# 2007 Big Smoke - Courtesy of SeriousCigars.com



## Turk10mm (Aug 5, 2007)

As many of you know, Ron at Seriouscigars was nice enough to let me tag along with the winners of his contest. I was treated as if I had won myself and could not have asked for a more enjoyable experience. 

I was able to smoke great cigars with great guys from all over the country, including some local fellas that I've never met before.

Below are just a few pictures that I snapped when I thought about taking pictures. The rest of the time I was too busy having fun.

Thanks Ron for the great times!


----------



## GatorMike (Sep 23, 2007)

Cool! Looks like you had a great time.


----------



## Ceedee (Jun 2, 2006)

Awesome Tony, thanks for sharing and making me jealous as hell!!! 

CD


----------



## tx_tuff (Jun 16, 2007)

Thats awesome, man it sucks I didn't go!
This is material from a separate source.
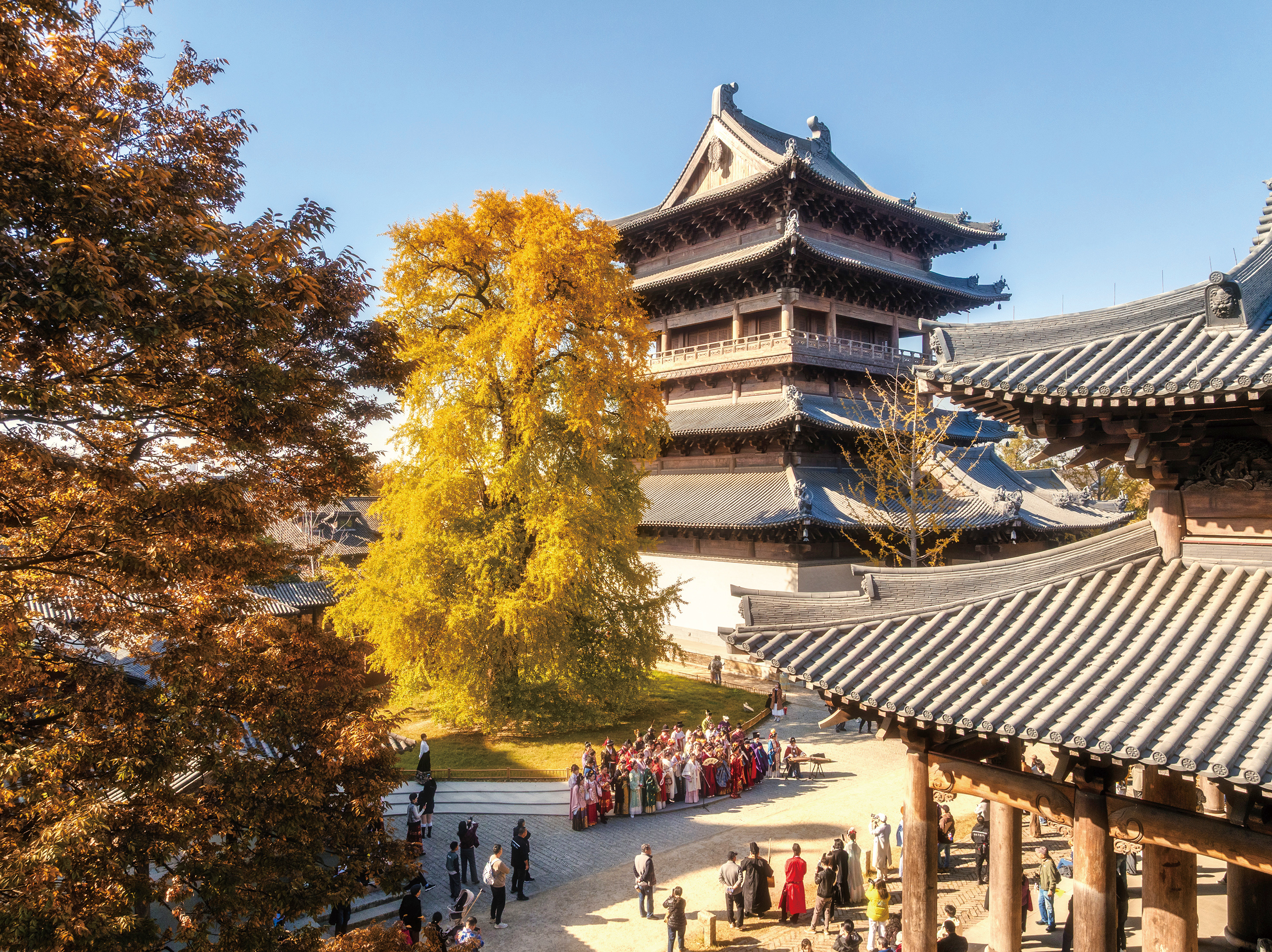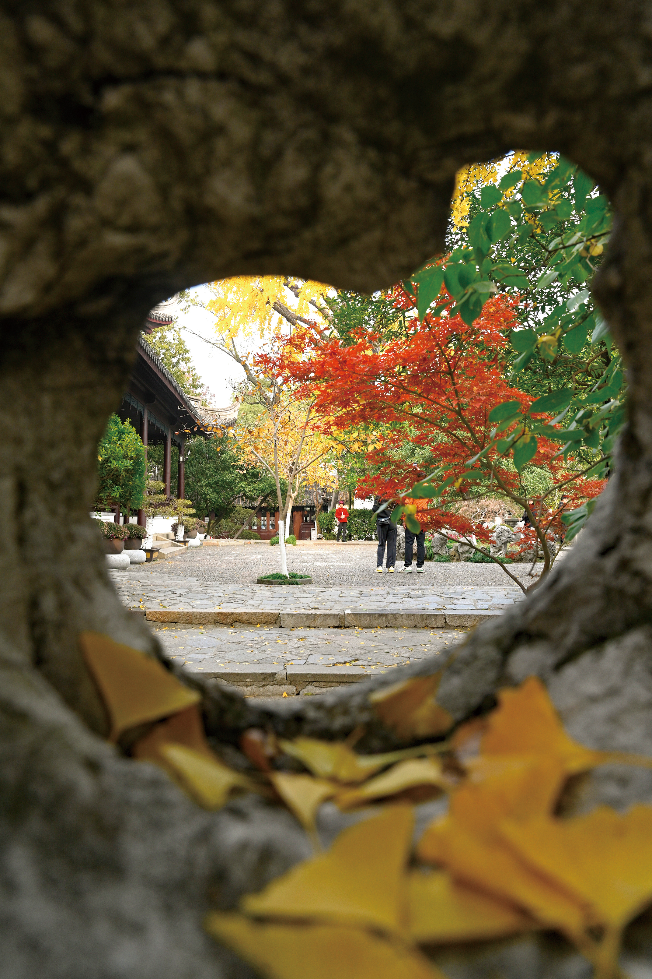 梅花洲景区的银杏则多了几分禅意;

So you need to give some info on the day time events.


----------



## Marlboro Cigars-cl (Feb 19, 2007)

Great shots; thanks for sharing.


----------



## Jonjonmacky (Oct 30, 2007)

why cant i ever see the pictures display!!!


----------



## boomerd35 (Apr 24, 2007)

Looks like a good time. Thanks for posting.


----------



## tobacmon (May 17, 2007)

Thanks for the PIC's--looks like everyone enjoyed themselves very much..


----------



## mhlatke (Oct 13, 2007)

Great pics - looks like you had a fantastic time.


----------



## Bullybreed (Jun 25, 2007)

great pics thanks for sharing!


----------



## TOJE (Jan 1, 2000)

It was great hangin' with you guys on Friday night!! What a great group you have.
Thanks for your support!!

Steve


----------



## canney (Sep 2, 2007)

Jonjonmacky said:


> why cant i ever see the pictures display!!!


Set your privacy settings to medium, and I bet you will see the pics


----------



## JohnR (Apr 1, 2007)

Wow, what a sausage party!


----------